▸ Exercise aim
Each line below from the "Shadow-free Dual Projection" line through the "Kayseri Büyükşehir Belediye" line, those two included, must be restated word for word; the pictures must not be.

▸ Provided records
╭──

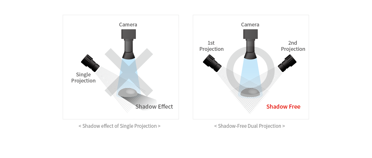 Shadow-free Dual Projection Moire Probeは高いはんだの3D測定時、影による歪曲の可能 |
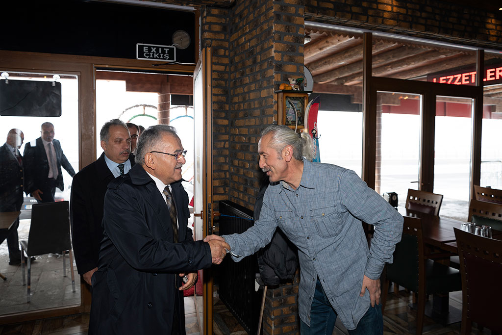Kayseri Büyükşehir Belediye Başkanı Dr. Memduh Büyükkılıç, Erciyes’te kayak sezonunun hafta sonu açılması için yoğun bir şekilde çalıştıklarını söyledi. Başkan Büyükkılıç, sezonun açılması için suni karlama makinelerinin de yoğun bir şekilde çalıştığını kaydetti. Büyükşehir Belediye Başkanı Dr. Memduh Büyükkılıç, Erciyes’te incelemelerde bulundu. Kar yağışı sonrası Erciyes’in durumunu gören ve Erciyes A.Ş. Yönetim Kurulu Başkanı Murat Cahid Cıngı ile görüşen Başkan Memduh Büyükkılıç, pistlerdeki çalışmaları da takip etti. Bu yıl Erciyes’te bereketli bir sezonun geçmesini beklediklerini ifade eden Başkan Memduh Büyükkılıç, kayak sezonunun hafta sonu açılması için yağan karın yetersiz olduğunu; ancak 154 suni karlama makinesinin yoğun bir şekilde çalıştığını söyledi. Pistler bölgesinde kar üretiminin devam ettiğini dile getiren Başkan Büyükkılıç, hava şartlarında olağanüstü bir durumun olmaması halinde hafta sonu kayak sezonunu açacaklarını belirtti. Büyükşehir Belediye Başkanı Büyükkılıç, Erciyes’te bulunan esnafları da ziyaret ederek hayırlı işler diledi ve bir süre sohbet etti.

╰──
╭──

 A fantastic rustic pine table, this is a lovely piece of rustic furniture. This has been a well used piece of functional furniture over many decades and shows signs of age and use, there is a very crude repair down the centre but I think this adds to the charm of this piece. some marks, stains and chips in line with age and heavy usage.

╰──
╭──

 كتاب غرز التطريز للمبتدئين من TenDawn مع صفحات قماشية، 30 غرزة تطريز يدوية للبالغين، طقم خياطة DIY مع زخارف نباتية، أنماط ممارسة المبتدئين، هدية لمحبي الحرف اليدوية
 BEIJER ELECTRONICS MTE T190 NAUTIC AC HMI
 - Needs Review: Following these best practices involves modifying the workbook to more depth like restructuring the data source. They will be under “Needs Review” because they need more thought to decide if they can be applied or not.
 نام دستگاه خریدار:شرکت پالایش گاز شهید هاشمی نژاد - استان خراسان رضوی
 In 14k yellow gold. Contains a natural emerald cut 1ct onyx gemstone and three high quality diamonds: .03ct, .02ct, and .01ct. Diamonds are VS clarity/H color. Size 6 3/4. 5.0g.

╰──

▸ Your response
 Shadow-free Dual Projection Moire Probeは高いはんだの3D測定時、影による歪曲の可能 |
Kayseri Büyükşehir Belediye Başkanı Dr. Memduh Büyükkılıç, Erciyes’te kayak sezonunun hafta sonu açılması için yoğun bir şekilde çalıştıklarını söyledi. Başkan Büyükkılıç, sezonun açılması için suni karlama makinelerinin de yoğun bir şekilde çalıştığını kaydetti. Büyükşehir Belediye Başkanı Dr. Memduh Büyükkılıç, Erciyes’te incelemelerde bulundu. Kar yağışı sonrası Erciyes’in durumunu gören ve Erciyes A.Ş. Yönetim Kurulu Başkanı Murat Cahid Cıngı ile görüşen Başkan Memduh Büyükkılıç, pistlerdeki çalışmaları da takip etti. Bu yıl Erciyes’te bereketli bir sezonun geçmesini beklediklerini ifade eden Başkan Memduh Büyükkılıç, kayak sezonunun hafta sonu açılması için yağan karın yetersiz olduğunu; ancak 154 suni karlama makinesinin yoğun bir şekilde çalıştığını söyledi. Pistler bölgesinde kar üretiminin devam ettiğini dile getiren Başkan Büyükkılıç, hava şartlarında olağanüstü bir durumun olmaması halinde hafta sonu kayak sezonunu açacaklarını belirtti. Büyükşehir Belediye Başkanı Büyükkılıç, Erciyes’te bulunan esnafları da ziyaret ederek hayırlı işler diledi ve bir süre sohbet etti.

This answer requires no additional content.